Writing in The Sunday Telegraph , Steve James says that the ECB is now beginning to have a retink about the spurious nicknames given to county sides in a bid by marketing men to make them more appealing

Writing in The Sunday Telegraph, Steve James says that the ECB is now beginning to have a retink about the spurious nicknames given to county sides in a bid by marketing men to make them more appealing. How many people know who are the Phantoms, Lightning, Dragons, Steelbacks ...
"If you can reel off the counties related to those monikers, please accept my hearty congratulations, even if that anorak does look a little silly. If not, do not fear, because you are not alone in your indifference to such superfluity. Be grateful that the nicknames, introduced in 1999, are rarely listed without their geographical identities. For that is the problem: to do so is too long-winded.
"Even the England and Wales Cricket Board are now beginning to wonder about their viability. An unofficial sounding out of media outlets was made earlier this season and the response was not encouraging. A waste of time was the general consensus."

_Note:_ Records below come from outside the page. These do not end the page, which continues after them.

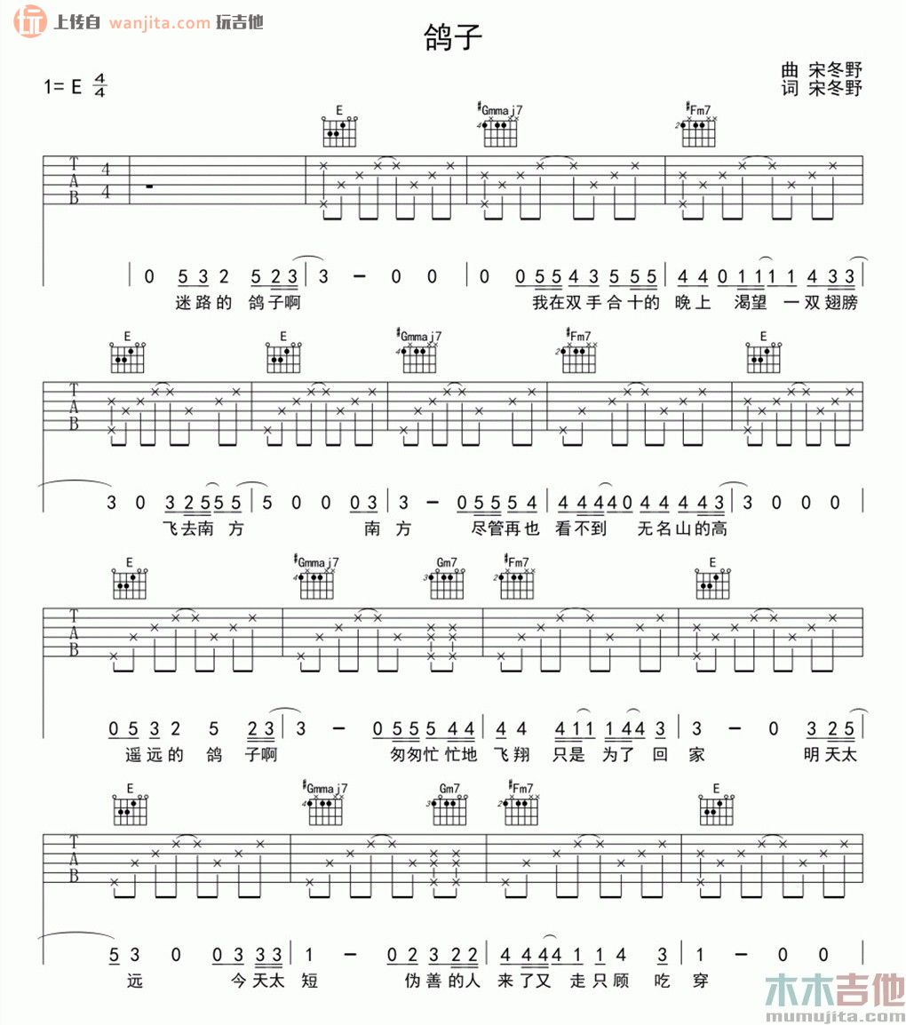 鸽子吉他谱 - 宋冬野 - E调吉他弹唱谱
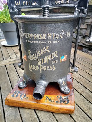 Prensa embutidora recién restaurada Made in U.S.A. Todos los mecanismos funcionando aunque se recomienda su uso sólo para decoración. Tiene más de 100 años Hierro y madera de roble. Toda la rotulación, incluida la de la base, se ha hecho a mano con pintura y pincel, excepto las dos banderas. Dimensiones de la base, 27 x 31 cm Altura variable con un máximo de 75 cm Diámetro de la cuba, 25 cm Profundidad de la cuba, 21 cm Capacidad, 8 cuartos de galón (7,6 litros) Pesa 21 kg. Ideal para DECORACIÓN INDUSTRIAL Escucho ofertas RAZONABLES
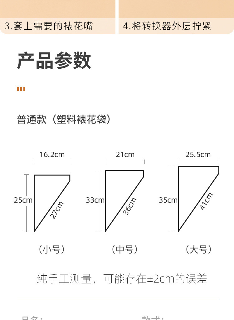 packaging specifications: large extra thick coffee color decorating pouch 10 silk 100 pieces, large plus
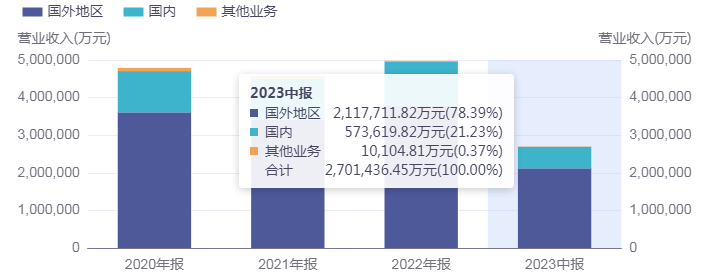 分地区看,海外业务在公司业务经营中占主导地位,营收占比多年来保持在70%左右。
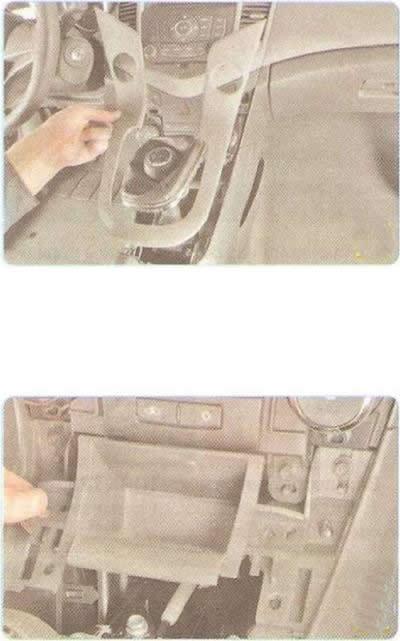 6. Снимите декоративную накладку тоннеля пола, преодолевая сопротивление ее фиксаторов (см. «Снятие и установка облицовки тоннеля пола»).
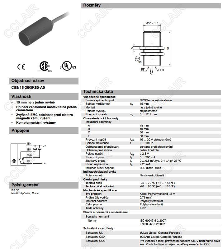 CBN15-30GK60-A0,電容式接近開關(guān)

Cricinfo sticks to using traditional county names - despite terse emails in the early days from county PR men and the ECB - because most readers were bewildered when we briefly adopted the nicknames. Any attempts to persuade people to grow familiar with the names was not been helped when Surrey decided last year to change theirs ...
"The Lions have become the Brown Caps, which at least is nearing their ubiquitous, if mischievous, sobriquet on the county circuit. That is the Brown Hatters, in case you are wondering."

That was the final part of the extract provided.